Why this matters

Every objective metric you trust — PSNR, SSIM, VMAF — was trained and validated against MOS or DMOS, so if you do not understand what those numbers are, you do not really understand what your metric is predicting. This article is for the video engineer, encoding lead, QA engineer, or product owner who has to run or commission a subjective test, read a quality paper, or defend a result to a skeptical reviewer. It is the second article in our subjective-testing block; the first, why subjective testing is the ground truth, explains why the human panel sits above every metric, and this one explains the numbers that panel produces. The encoder-operator's one-screen version of this material lives in the Video Encoding section's subjective-testing overview; everything here is the deep treatment behind it.

MOS: the one number a test produces

Start with the number you will see most often. When a panel of viewers rates a video clip, you collect one rating per viewer and average them. That average is the Mean Opinion Score, or MOS — the mean rating a group of viewers gave a single clip. The term comes from telephony, where ITU-T P.800.1 defined it for voice quality decades before video borrowed it, and it now means the same thing for a picture: the arithmetic mean of human opinion.

The formula is as plain as it sounds. If N viewers give a clip the ratings r₁, r₂, … rₙ, the MOS is their sum divided by their count:

MOS = (r₁ + r₂ + … + rₙ) / N

Say eight viewers rate a clip 4, 5, 4, 3, 5, 4, 4, 5. The sum is 34, so the MOS is 34 ÷ 8 = 4.25. The average viewer placed this clip a quarter of the way between "good" and "excellent." That single number is the headline output of almost every subjective test, and it is what almost every objective metric is ultimately trying to predict.

A MOS reads like a school grade, and that familiarity is exactly where the first mistake hides — covered in the scale section below. For now, hold onto the plain definition: MOS is the average opinion of a panel, on a fixed scale, for one clip.

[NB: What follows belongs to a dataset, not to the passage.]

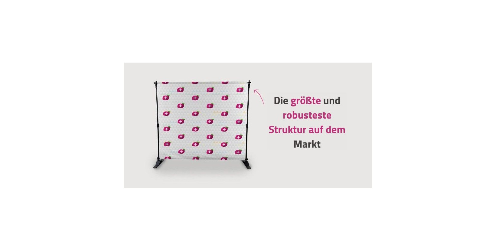 Das Banner lässt sich schnell und unkompliziert aufstellen. Die leichte Struktur sorgt für einfachen Transport, sodass Sie in wenigen Minuten einsatzbereit sind.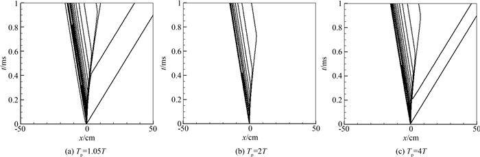 这时增大注入粒子的温度,在考虑流场添质效应的同时,考虑流场的加热效应.图 4为Tp=1.05T(hp0=h0)、2T、4T三种情况下1 ms内的流场压强x-t波系分布.图 5(a)为0.6 ms时Tp=0.5T,1.05T(hp0=h0),2T,3T,4T五种情况下的流场压强的沿x轴向分布.从图中可以得出,对于亚声速流场,加热会使流场内气体产生膨胀,这时加热效应与添质效应对流场的影响逐渐抵消,流场下游压强逐渐增大,上行压缩波Su和下行稀疏波EF逐渐增强,下行稀疏波Ed逐渐减弱直至下行稀疏波转化为压缩波.当Tp=2T时,如图 4(b)所示,向下游传播的稀疏波系已非常弱,基本可以忽略.继续增大注入粒子温度,加热效应的影响继续增大,转化后的压缩波逐渐增强.文献[20]同时详细阐述了非定常流动不同流速下加热效应产生波系的机理和现象预测,可以发现加热流下游波系会对流场产生与添质流相反的影响,本文结果与文献吻合.图 5(b)是0.6 ms时在以上5种情况的粒子速度沿X轴向分布,可以发现,改变注入粒子温度对流场中粒子的速度有4%的影响.

The scale the score rides on: Absolute Category Rating

A MOS is only as meaningful as the scale the viewers used, so pin the scale down before the number. The standard scale for rating video quality is the five-point Absolute Category Rating scale, or ACR — a method where each clip is shown on its own and rated independently, defined in ITU-T P.910 (10/2023), the controlling recommendation for subjective video testing. "Absolute" means the viewer judges the clip on its own merits, with no reference clip to compare against — the way a real viewer meets a video in the wild.

The five points are labelled, not just numbered (ITU-T P.910, §8.1):

Rating Label
5 Excellent
4 Good
3 Fair
2 Poor
1 Bad

This is the scale behind the overwhelming majority of MOS numbers you will ever read. The viewer sees a clip, picks one of the five words, and the software stores the matching number. Average those numbers across the panel and you have the clip's MOS.

The ACR five-point scale, Excellent to Bad, with viewer ratings averaging into a single Mean Opinion Score. Figure 1. The ACR five-point scale. Viewers pick a labelled category; the numbers behind the labels are averaged into the clip's MOS.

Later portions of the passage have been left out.